Problem requirements ▸ Excluding any images, copy all of the lines below precisely as written.

Information shown ▸
╭──
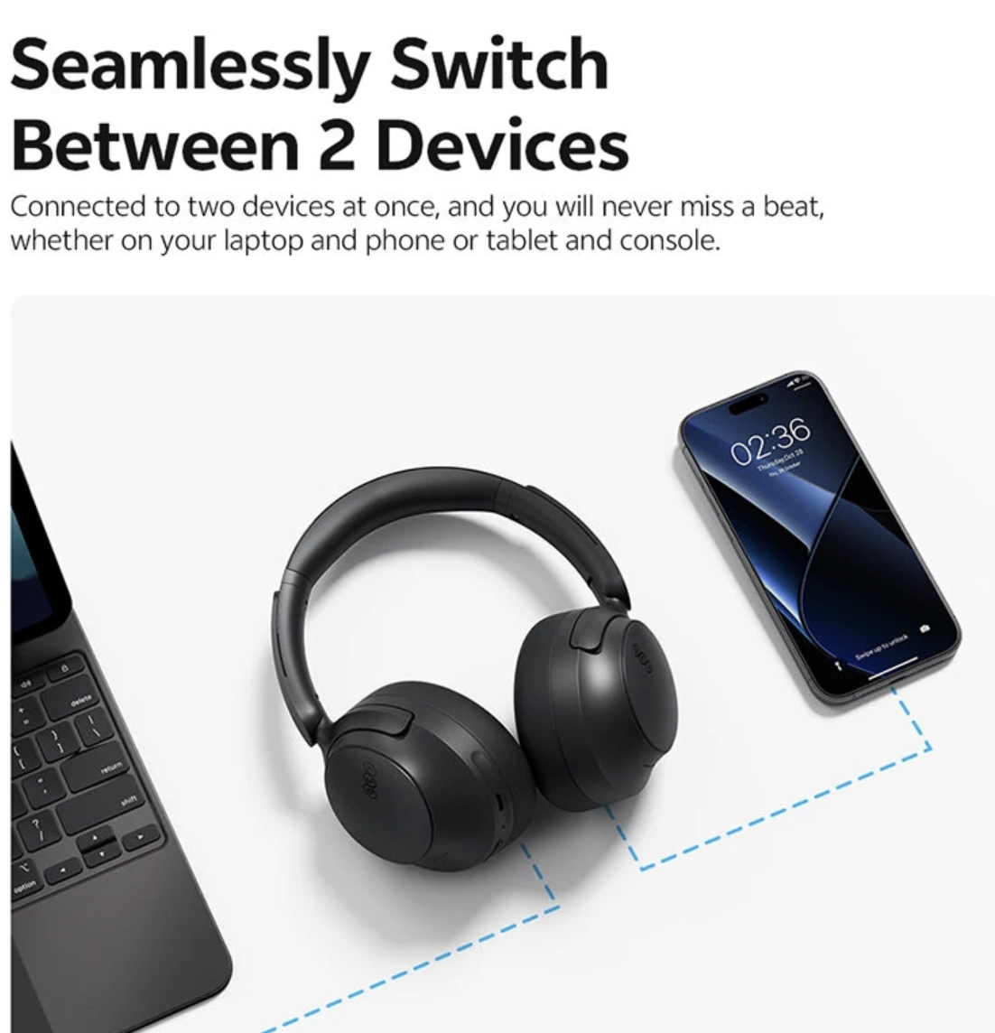 The QCY H3S ANC Headset has been designed with both style and functionality in mind. With a sleek, modern aesthetic, it can easily transition from a casual setting to a professional one. The headphones’ over-ear design offers a sporty yet sophisticated look, making them perfect for everyday wear, whether you’re out for a jog or chilling at home. Its foldable design also makes it easy to store and carry when not in use.
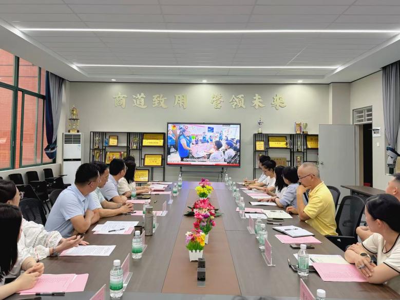 会议由管理学院党委书记袁仕海主持,政、校、村、企、行业协会五方代表齐聚一堂:小楼镇党委副书记谢向扬、小楼镇残联负责人廖嘉杰、小楼镇总工会负责人张易望等政府代表;二龙村村委书记郑朴琴、村委“百千万”负责干部曾炎坤等村集体代表;广东省人力资源研究会副会长兼秘书长汪志红;自强科技集团有限公司城市合伙人卢小菊及广东分公司市场助理梁娱;学校党委组织部部长、党校常务副校长刘善球;学校“百千万工程”办公室主任、增城区"双百行动"专班组长陈洋广;管理学院党委副书记陈纯华;学院党委委员潘思媚、张丽娟;学院教工党支部书记任欣鹭;学院学生党支部书记黄恩欣、李丹琪及广州校区、肇庆校区辅导员等30余人参会,各方围绕党建引领、结对帮扶、产业赋能、人才培育等核心议题,展开深入交流研讨。
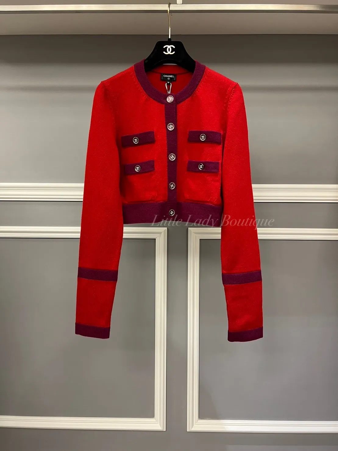 CHANEL 女士 紅底 深紅領 短版針織長袖外套
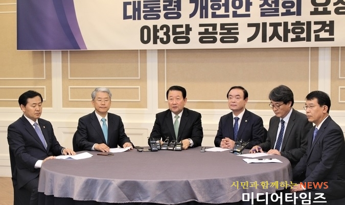 야 3당은 “개헌은 한 정파의 승패를 넘어, 대한민국 전체의 성찰과 혁신 성과가 돼야 한다고 믿는다”며 “이 때문에 여야 각 당은 국회에서 초당적 합의를 이루고, 대한민국의 총의를 모아내기 위해 인내심을 갖고 논의해왔던 것”이라고 말했다.
╰──
Answer to the exercise ▸
 The QCY H3S ANC Headset has been designed with both style and functionality in mind. With a sleek, modern aesthetic, it can easily transition from a casual setting to a professional one. The headphones’ over-ear design offers a sporty yet sophisticated look, making them perfect for everyday wear, whether you’re out for a jog or chilling at home. Its foldable design also makes it easy to store and carry when not in use.
 会议由管理学院党委书记袁仕海主持,政、校、村、企、行业协会五方代表齐聚一堂:小楼镇党委副书记谢向扬、小楼镇残联负责人廖嘉杰、小楼镇总工会负责人张易望等政府代表;二龙村村委书记郑朴琴、村委“百千万”负责干部曾炎坤等村集体代表;广东省人力资源研究会副会长兼秘书长汪志红;自强科技集团有限公司城市合伙人卢小菊及广东分公司市场助理梁娱;学校党委组织部部长、党校常务副校长刘善球;学校“百千万工程”办公室主任、增城区"双百行动"专班组长陈洋广;管理学院党委副书记陈纯华;学院党委委员潘思媚、张丽娟;学院教工党支部书记任欣鹭;学院学生党支部书记黄恩欣、李丹琪及广州校区、肇庆校区辅导员等30余人参会,各方围绕党建引领、结对帮扶、产业赋能、人才培育等核心议题,展开深入交流研讨。
 CHANEL 女士 紅底 深紅領 短版針織長袖外套
 야 3당은 “개헌은 한 정파의 승패를 넘어, 대한민국 전체의 성찰과 혁신 성과가 돼야 한다고 믿는다”며 “이 때문에 여야 각 당은 국회에서 초당적 합의를 이루고, 대한민국의 총의를 모아내기 위해 인내심을 갖고 논의해왔던 것”이라고 말했다.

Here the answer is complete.